About two years ago around Easter, Moises and Chelsea Sanchez were allowed to select all the sweets they wanted for the holiday from a dollar store – chocolate bunnies, bite-sized vanilla-filled chocolate eggs and marshmallow Peeps.
“We just ate them all in like a week,” Moises said.
At the time, after-school activities were limited to watching TV, working on the computer and playing video games. While Moises liked to indulge in Chinese food, Chelsea enjoyed pepperoni pizza.
A sedentary lifestyle and unhealthy eating habits are what led Moises and Chelsea to become overweight. Between 2005 and 2006, about 15 percent of 6- to 11-year-olds and 18 percent of 12- to 17-year-olds were overweight in the United States, according to a National Health and Nutrition Examination Survey. The number of obese children was just as high: Between 2007 and 2008, nearly 17 percent of 2- to 19-year-olds in the United States were obese, according to a National Health and Nutrition Examination Survey released in 2010.
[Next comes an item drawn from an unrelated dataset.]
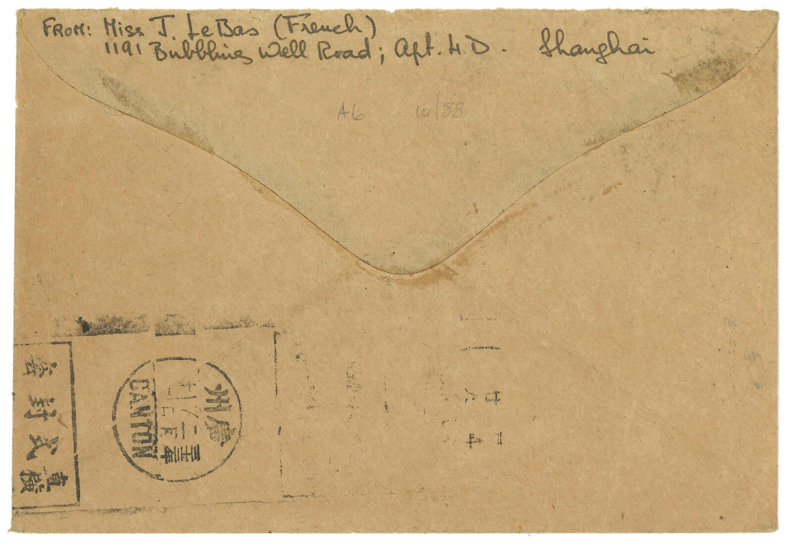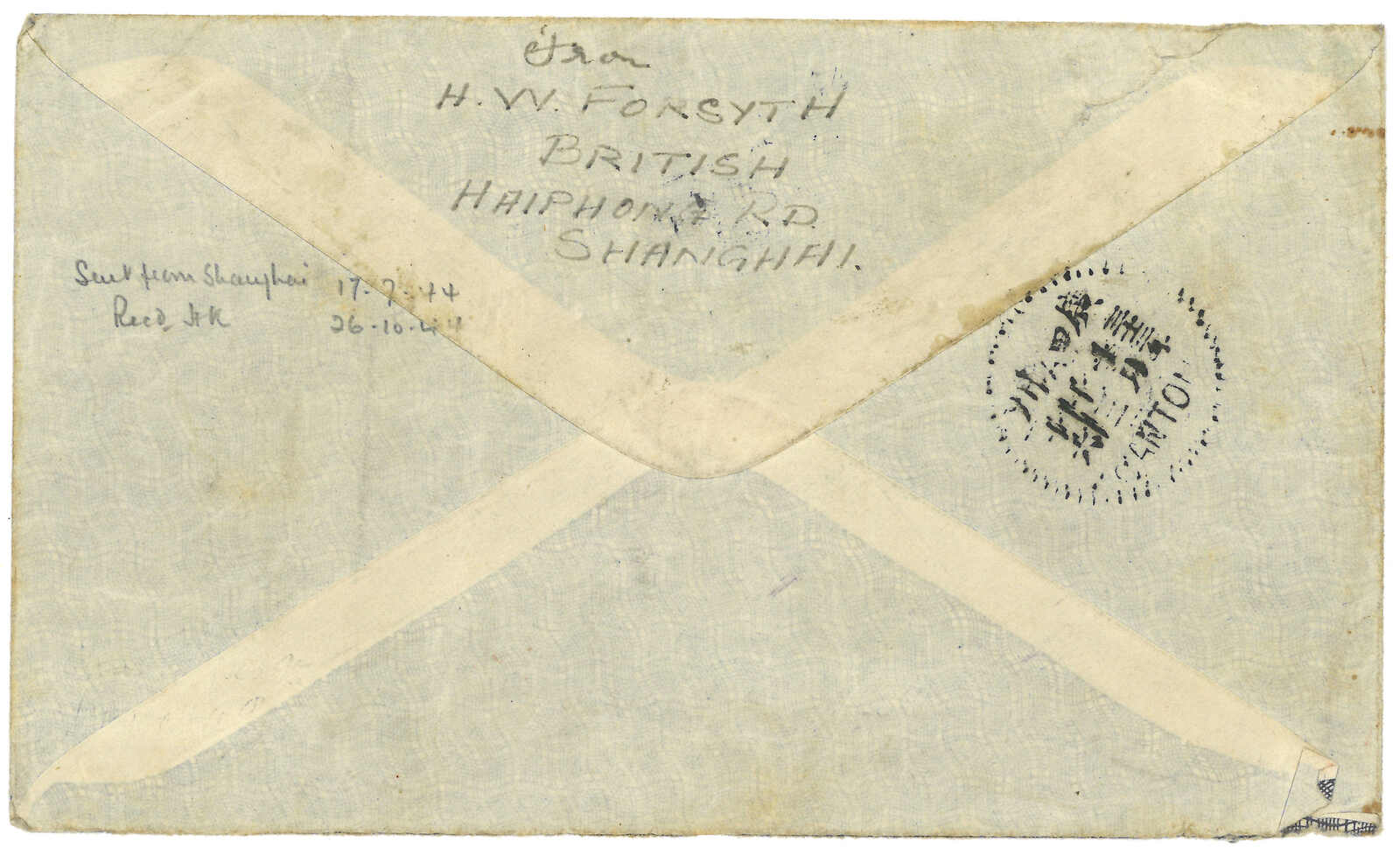 1944 Shanghai to Stanley Camp, Hong Kong, frankless. Transit Canton (13 Oct) with pro-Japanese “Oppose American bomber attacking hospitals and schools at Canton / People should stand firm and oppose” slogan on front. Showing

A child is considered overweight when their body mass index is at or above the 85th percentile and lower than the 95th percentile. A child is considered obese when his or her body mass index is at or above the 95th percentile, according to the Centers for Disease Control and Prevention. These percentiles are age- and gender-specific.
At his heaviest, Moises, now 14, was about 170 pounds. Chelsea, now 12, was about 140 pounds. They were both around five feet three inches tall.
“Most of the time I would like to wear baggy clothes so it wouldn’t show my stomach. I was embarrassed by my weight,” Chelsea said.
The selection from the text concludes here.